Per dichiarazioni e commenti, leggi anche: Donald Trump sceglie l’isolazionismo: Stati Uniti fuori dall’Accordo di Parigi
Trump ha precisato che “questo include la fine dell’implementazione degli Intended nationally determined contributions”, cioè le promesse di riduzione delle emissioni di gas ad effetto serra avanzate volontariamente dai singoli governi di tutto il mondo, “e, molto importante, la fine del Fondo verde per il clima che costa agli Stati Uniti una fortuna immane”. Il Green climate fund, in inglese, ha come obiettivo di sostenere economicamente i paesi in via di sviluppo nel loro percorso verso l’adattamento ai cambiamenti del clima attraverso progetti e piani nazionali di medio periodo. Il fondo dovrebbe disporre di 100 miliardi di dollari (circa 91 miliardi di euro) l’anno fino al 2020. L’Unione europea è oggi il maggior finanziatore del fondo con 14,5 miliardi di euro già erogati al 2014.
Quello che non è andato giù a Trump, in ogni caso, è il fatto di non poter fare quello che vuole, mentre – secondo lui – paesi come India e Cina sono liberi di fare il bello e il cattivo tempo: “In base all’accordo, la Cina potrà aumentare le sue emissioni di CO2 per un numero di anni sconcertante. Tredici.

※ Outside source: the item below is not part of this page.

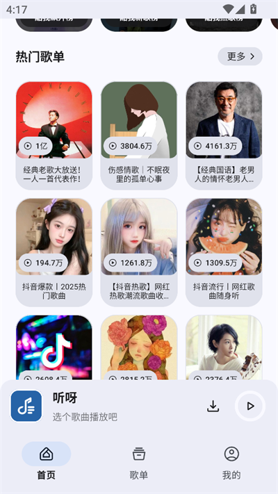 听呀APP是款纯净无广告的免费听歌及下载神器,它为用户准备了海量歌单以供挑选,还具备便捷的自由搜索功能。用户既能轻松定位到心仪的歌曲,又能借助批量下载功能迅速将喜爱的音乐存至本地,且汇聚了全平台的优质歌曲资源,充分满足大家的听歌诉求。

I cinesi possono fare ciò che vogliono per tredici anni, noi no”. E, dulcis in fundo, “l’attuale accordo di fatto blocca lo sviluppo del carbone pulito in America” per cui Trump ha promesso l’apertura di nuove miniere in giro per il paese nel giro di due settimane.

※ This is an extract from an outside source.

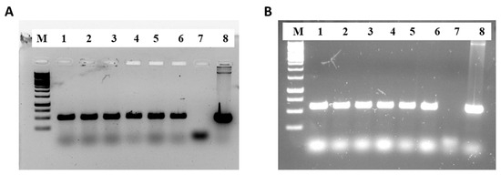 Integration of BnFAE1 (A) and LdLPAAT (B) in the transgenic lines, shown by clear bands, while no bands are visible in the wild type. M: 1 kb DNA ladder from GeneRuler, L1–L6: transgenic lines, L7: wild type, L8: plasmid DNA.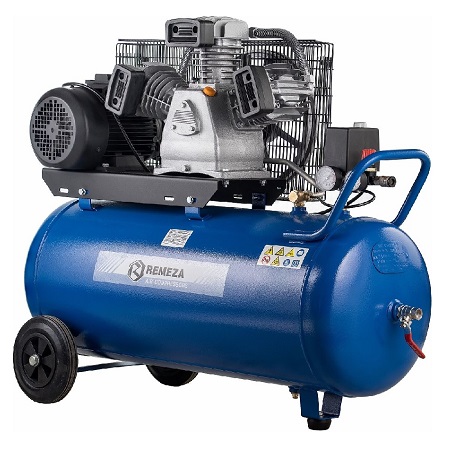 Воздушный поршневой компрессор REMEZA с ресивером 100 л, масляный, двухцилиндровый, мощностью 2,2кВт, Напряжение 220В. Производительностью 400 л/мин с коаксиальным приводом применяется в строительных, автосервисных и медицинских работах.

Per chiudere, o quasi perché ci sarebbe da dire molto di più, Trump ha citato un articolo ospitato dal Wall Street Journal che afferma, secondo le sue parole che “gli Stati Uniti sotto l’amministrazione Trump continueranno a essere la nazione più pulita e amica dell’ambiente sulla Terra. Saremo i più puliti, avremo l’aria più pulita, avremo l’acqua più pulita. Saremo amici dell’ambiente senza mettere fuori mercato le nostre imprese e non perderemo posti di lavoro”. Perché, in base al motto America first dice, “cresceremo, cresceremo rapidamente”.
Forse, ma solo perché la maggior parte delle imprese, a cominciare da quelle che animano la Silicon Valley, e degli stati americani più progressisti, come California e New York, faranno finta che questo discorso non sia mai stato pronunciato.